From the Federal Reserve to Bhutan’s Royal Monetary Authority in the Himalayas, central banks are working on digital currency studies or projects. There are several reasons for this. Most importantly, private cryptocurrencies and so-called stablecoins are rapidly becoming popular rivals to traditional money; Central bank digital currencies (CBDCs) would not only keep governments in the game but could help make payments and monetary policy more efficient and direct.
CBDCs have the potential to destabilise everything from traditional banking to the power of the US dollar — and authorities are wary of too much disruption to global financial stability. There is a tricky trade-off: The more limits and oversight get built into state-backed cryptocoins the less likely they are to be used.
Privacy is part of it: Unlike traditional paper money, CBDCs can be constantly tracked because the identity data of owners and their transactions are kept in the blockchain — the cryptographic form and function of all digital coins. It will be up to central banks whether or how closely they keep tabs on people.
For the US, CBDCs pose a geopolitical concern. The threat doesn’t come from China’s digital yuan taking the dollar’s place as the world’s currency of choice for international trade. It’s from digital currencies’ ability to shortcut the systems for cross-border payments. The Bank for International Settlements — the central bankers’ central bank — touched on this in a study released on September 30.
Right now, if you want to send dollars around the world — which many people and businesses do daily — you need to use an international payments network, like SWIFT. At some point in the process, your money has to pass through an American-licensed settlement bank. This gives the US power beyond its borders because it can demand that banks refuse to handle any dollar payments for foreign banks (or whole countries). That’s how financial sanctions against countries like Iran and Russia, or bad individuals anywhere, are enforced.
Digital currencies, including ones created and controlled by central banks, bypass all of this. CBDCs could easily be sent across borders directly between any users. They could then be locally exchanged into and out of dollars if someone else in the same country owns greenbacks — which many people and banks do.

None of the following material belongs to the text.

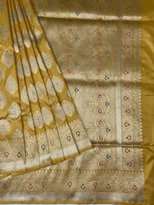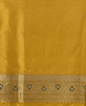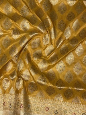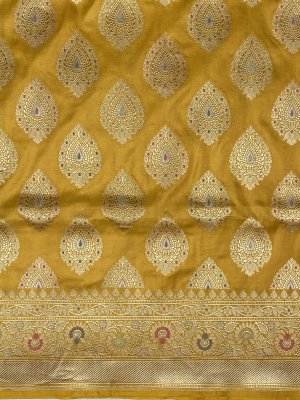 Illuminate your wardrobe with our radiant golden yellow Banarasi saree adorned with exquisite kalga and multicolored ball accents. The border features a captivating floral print in shades of golden beige and other vibrant colors, representing a symphony of elegance and sophistication. This saree is a timeless masterpiece, perfect for those who cherish traditional craftsmanship and contemporary design.
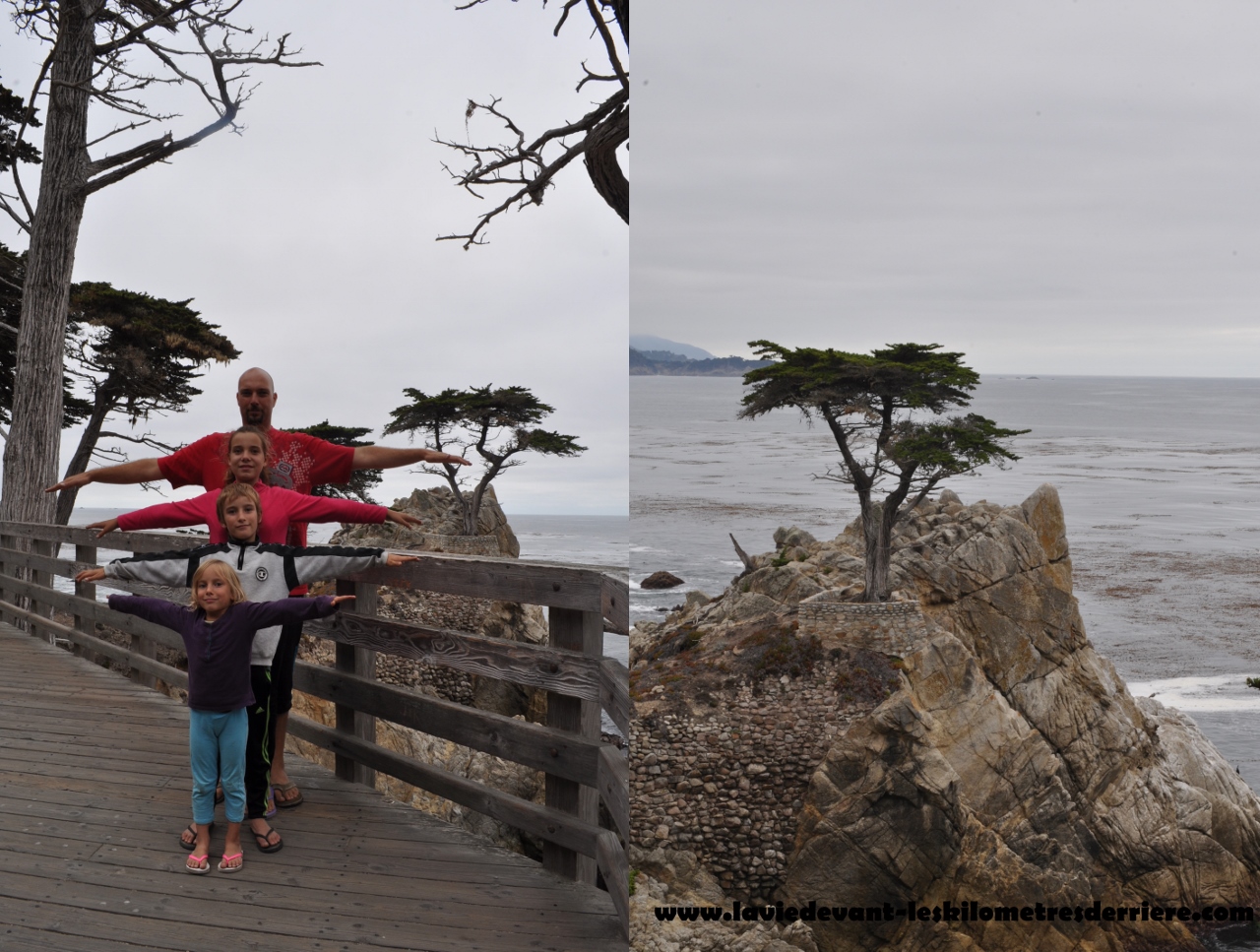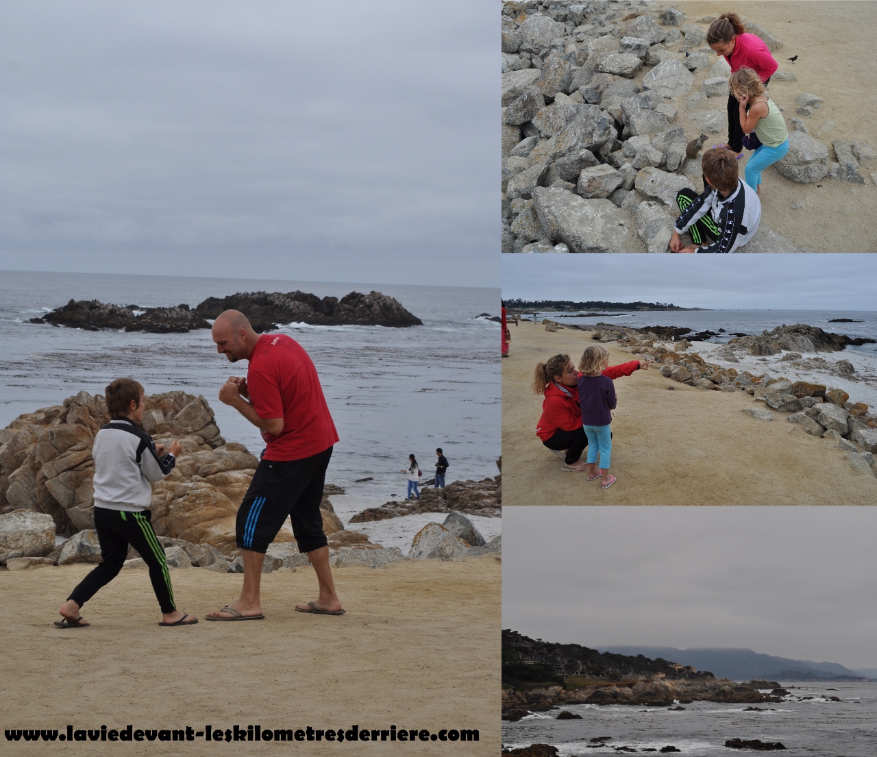 Ensuite, nous avons fait la 17mile drive. Route scénique très connue, entre Pacifique grove et Carmel. Ici, vous trouverez des panoramas incroyables, des maisons de très riches personnes et des terrains de golf longeant la route. Malheureusement, le temps était couvert et les couleurs un peu ternes. Cela ne nous a pas empêché de profité de ces instants au bord du Pacific, parfois sur de belles plages de sable blanc. Les enfants ont tenté de se baigner un peu mais seuls les orteils auront gouté au froid de cette eau, apparemment à 11°C selon le club de plongé local.

That’s not a bad outcome for governments around the world that want to lessen US financial influence. That includes European nations, as Josh Younger, an analyst at JPMorgan Chase & Co, noted in the tail-end of a report on CBDCs in May last year. “For high-income countries and the US in particular, [creating a] digital currency is an exercise in geopolitical risk management,†he wrote. That’s one strong motive for the US to develop its own digital currency. It can’t defend its interests if it isn’t in the game and people everywhere use other digital currencies. The same concern holds for almost all other countries. But introducing a CBDC creates threats to ordinary banking and financial stability. CBDCs might make a very good alternative to holding cash in bank deposits.